Fill in the missing values below to find the quotient when $8 x^{4}-2 x^{3}-5 x^{2}+1$ is divided by $2 x^{2}+x+1$. If there is a remainder, express the result in the form $q(x)+\frac{r(x)}{b(x)}$. Note: you may not need to use all the boxes.

Step 1 ：Perform long division of \(8x^4 - 2x^3 - 5x^2 + 1\) by \(2x^2 + x + 1\).

Step 2 ：The first term of the quotient is \(4x^2\), because \(8x^4\) divided by \(2x^2\) is \(4x^2\).

Step 3 ：Subtract \(8x^4 + 4x^3 + 4x^2\) from \(8x^4 - 2x^3 - 5x^2\) to get \(-6x^3 - 9x^2 + 1\).

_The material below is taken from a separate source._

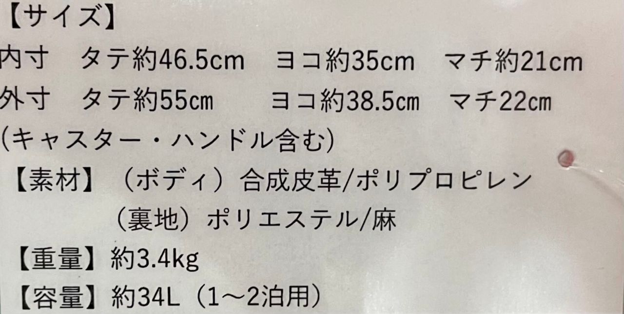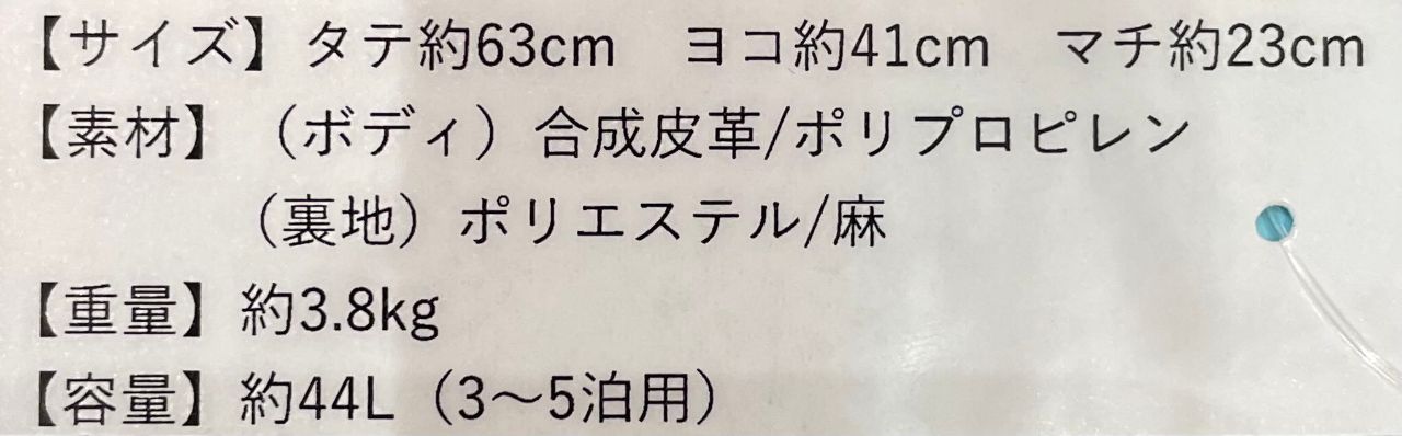 3〜5泊用におすすめサイズです。

Step 4 ：The next term of the quotient is \(-x\), because \(-6x^3\) divided by \(2x^2\) is \(-3x\) and \(-3x\) divided by \(3\) is \(-x\).

Step 5 ：Subtract \(-6x^3 - 3x^2 - 3x\) from \(-6x^3 - 9x^2 + 1\) to get \(-6x^2 + 4x + 1\).

Step 6 ：The next term of the quotient is \(-1\), because \(-6x^2\) divided by \(2x^2\) is \(-3\) and \(-3\) divided by \(3\) is \(-1\).

Step 7 ：Subtract \(-6x^2 - 3x - 3\) from \(-6x^2 + 4x + 1\) to get \(7x + 4\).

Step 8 ：The remainder is \(-3\), because \(7x + 4\) cannot be divided by \(2x^2 + x + 1\).

Step 9 ：So, the result is \(\boxed{4x^2 - x - 1 - \frac{3}{2x^2 + x + 1}}\).